By the time a security team discovers the issue, sensitive data may already exist across multiple log groups and environments, while making remediation far harder than prevention.

If you want to learn how to write safer and more structured logs in AWS Lambda, check out Ran’s Article on logging best practices.

Stop The Security Issue Before It Spreads

Most logging security controls operate after sensitive data has already been
written. At that point, the data has crossed the trust boundary, entered storage, and often begun propagating to other systems. Effective control must happen earlier, in transit, before persistence. That is where Amazon CloudWatch Logs Data Protection changes the model.

Amazon CloudWatch Logs Data Protection Policies Introduction

Amazon CloudWatch Logs Data Protection Policies solves this problem by shifting the enforcement of sensitive data out of applications and onto the platform itself. It inspects log events before they are even written to CW log streams, detects sensitive data using AWS-managed and custom identifiers, and masks those values before they are stored or forwarded to a 3rd party observability platform (DataDog etc.).

As a result, both CloudWatch and downstream observability platforms receive only sanitized logs.
Every masking action also emits a metric, turning secret leakage into an observable signal instead of a silent failure, all without changing application code or relying on developers to “log carefully.”

The result is security by default: instead of depending on individual teams to get logging right, the platform itself becomes the enforcement point.

CloudWatch Logs Data Protection flow diagram
CloudWatch Logs Data Protection inspects log events in transit, masks sensitive data before storage, and optionally ships sanitized logs to external systems.

In the diagram above, logs are generated by various AWS services such as Lambda and API Gateway. Any log output (for example, application logs or print statements from a Lambda function) is sent to Amazon CloudWatch Logs.

When CloudWatch Logs Data Protection is enabled, each log event is inspected in transit using the configured data protection policy and its data identifiers. If sensitive data is detected, it is masked before the log is written to the log group.

Let's review how CW detection engines work. The first element is identifiers.

Data Identifiers

Data identifiers are the detection engine behind CloudWatch Logs Data Protection. They define what CloudWatch Logs should look for inside log events to determine whether data is sensitive and how it should be handled.

CloudWatch supports two complementary types of data identifiers: managed and custom.

Managed data identifiers

AWS provides managed data identifiers. They are continuously updated and should not be re-implemented using custom regexes.

In practice, they cover the most common and most dangerous leakage scenarios. For credentials and private keys, managed identifiers include patterns such as AwsSecretKey, OpenSSH private keys, PGP private keys, PKCS private keys, and PuTTY private keys. These are exactly the kinds of values that cause immediate damage if they ever reach a log stream.

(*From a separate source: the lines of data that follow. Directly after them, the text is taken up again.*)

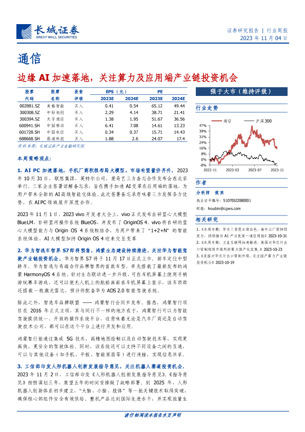 【长城证券】【20231104】通信行业周报:边缘AI加速落地,关注算力及应用端产业链投资机会-17页
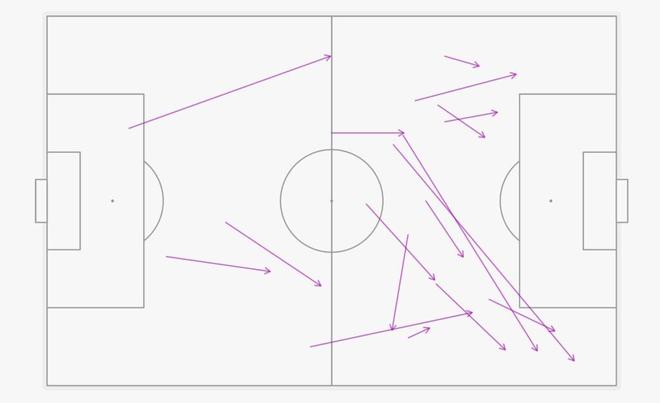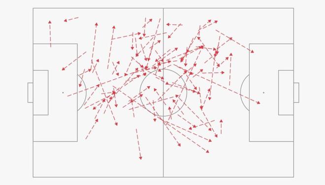 除了带球,他的传球同样具备撕裂防线的能力。本赛季,他已完成52次“穿透防线传球”,在所有英超中场中排名第三。对阵纽卡斯尔一役,他送出17次此类传球,其中4次甚至穿透两道防线——这样的表现在本赛季尚属首次。
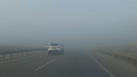 Bursa-İzmir yolunda etkili olan yoğun sis sonucu görüş mesafesi 5 metreye kadar düştü. Sisin hakim olduğu yolda sürücülerin zorlukla ilerlediği görüldü.
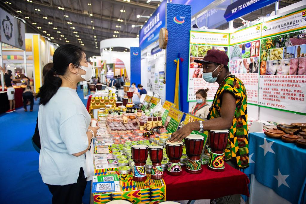 在长沙国际会展中心举办的第二届中国-非洲经贸博览会上,观众(左)在选购非洲护肤品(2021年9月28日摄)。新华社记者陈思汗 摄
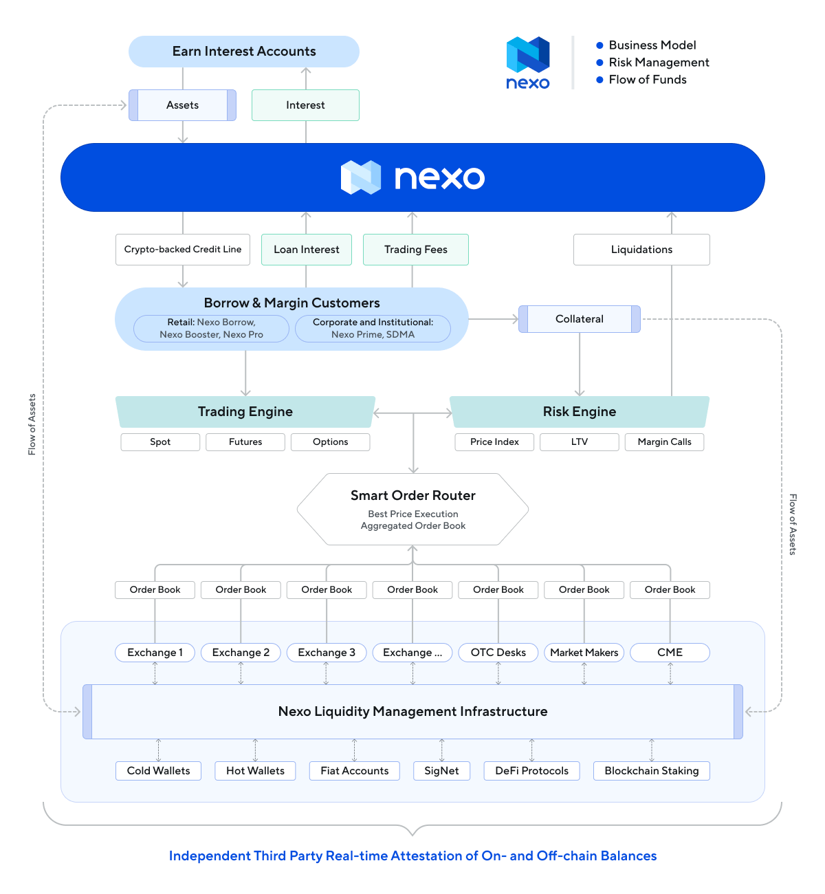 All these activities – exchange services, crypto-backed loans, collateral liquidations, staking, etc. are revenue generators that require Nexo to hold on and move balances across a number of exchanges & DeFi protocols as part of our standard operations.

For network and personal data, identifiers like EmailAddress and IpAddress provide standard PII detection without the fragility of home-grown patterns. For financial data, identifiers such as CreditCardNumber, CreditCardExpiration, CreditCardSecurityCode, and CreditCardMagneticStripe provide defensive protection against accidental logging of payment information.

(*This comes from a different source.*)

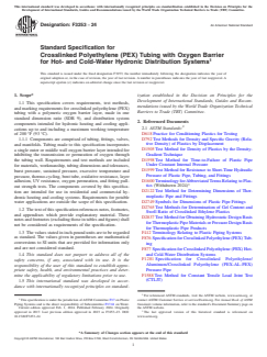 ASTM F3253-24 is a technical specification published by ASTM International. Its full title is "Standard Specification for Crosslinked Polyethylene (PEX) Tubing with Oxygen Barrier for Hot- and Cold-Water Hydronic Distribution Systems". This standard covers: ABSTRACT This specification covers the requirements, test methods, and markings for crosslinked polyethylene (PEX) tubing with a polymeric oxygen barrier layer, made in one standard dimension ratio (SDR 9), and distribution system components intended for hydronic heating and cooling applications up to and including a maximum working temperature of 200°F (93°C). Components are comprised of tubing, fittings, valves, and manifolds that are intended for use in residential and commercial hydronic heating and cooling systems. Tubing made to this specification incorporates a single outer or middle wall oxygen barrier layer designed to inhibit the transmission or permeation of oxygen through the tubing wall. The requirements and test methods cover materials, workmanship, tubing dimensions and tolerances, burst pressure, sustained pressure, excessive temperature and pressure, thermo-cycling, bent tube, oxidative resistance, layer adhesion, UV resistance, oxygen permeation, and fitting pullout strength tests. SCOPE 1.1 This specification covers requirements, test methods, and marking requirements for crosslinked polyethylene (PEX) tubing with a polymeric oxygen barrier layer, made in one standard dimension ratio (SDR 9), and distribution system components intended for hydronic heating and cooling applications up to and including a maximum working temperature of 200 °F (93 °C). 1.1.1 Components are comprised of tubing, fittings, valves, and manifolds. Tubing made to this specification incorporates a single outer or middle wall oxygen barrier layer intended for inhibiting the transmission or permeation of oxygen through the tubing wall. Requirements and test methods are included for materials, workmanship, tubing dimensions and tolerances, burst pressure, sustained pressure, excessive temperature and pressure, thermo-cycling, bent tube, oxidative resistance, layer adhesion, UV resistance, oxygen permeation, and fitting pull-out strength tests. The components covered by this specification are intended for use in residential and commercial hydronic heating and cooling systems. Requirements for potable water applications are outside the scope of this specification. 1.2 The text of this specification references notes, footnotes, and appendixes which provide explanatory material. These notes and footnotes (excluding those in tables and figures) shall not be considered as requirements of the specification. 1.3 The values stated in inch-pound units are to be regarded as standard. The values given in parentheses are mathematical conversions to SI units that are provided for information only and are not considered standard. 1.4 This standard does not purport to address all of the safety concerns, if any, associated with its use. It is the responsibility of the user of this standard to establish appropriate safety, health, and environmental practices and determine the applicability of regulatory limitations prior to use. 1.5 This international standard was developed in accordance with internationally recognized principles on standardization established in the Decision on Principles for the Development of International Standards, Guides and Recommendations issued by the World Trade Organization Technical Barriers to Trade (TBT) Committee.
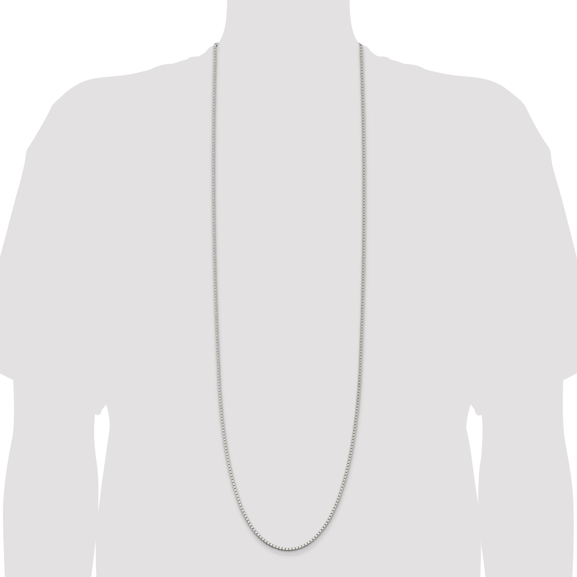 Discover timeless elegance with the 42 Inch Sterling Silver 2.5mm Box Chain. Crafted with pure 925 sterling silver, this chain showcases a polished finish that gleams with sophistication. Its solid, machine-made box links offer durability while a convenient lobster clasp ensures a secure fit. At 42 inches long, this classic piece provides versatile styling options, whether worn alone or layered. Treated with an anti-tarnish coating, it maintains its shine for years to come. A staple for any woman's jewelry collection, the 42 Inch Sterling Silver 2.5mm Box Chain never goes out of style.

AWS provides many additional managed data identifiers beyond these examples, covering a broad range of credentials, financial, and personal data types.

The key advantage of managed identifiers is their reliability. They are tuned to reduce false positives, handle real-world formats correctly, and evolve as patterns change.

Custom data identifiers

Custom data identifiers exist only to fill the gaps that managed identifiers intentionally do not cover.

Real-world environments often include organization-specific token formats, internal headers, or proprietary secrets that AWS cannot know about. These are the cases where custom identifiers make sense.

The design rule is simple: prefer managed identifiers whenever possible and introduce custom identifiers only when there is a clear, justified gap. This approach keeps policies smaller, intent clearer, and long-term maintenance costs lower.

Account policy configuration showing managed and custom data identifiers
Account-level data protection policy with managed identifiers (credentials, financial, personal) and custom regex patterns for organization-specific secrets.

You Also Get Signals, Not Just Protection

When Amazon CloudWatch Logs Data Protection detects sensitive data, it masks the value before the log event is stored or forwarded. Only the sanitized version is written to the log group and shipped to downstream systems. The original sensitive value never persisted.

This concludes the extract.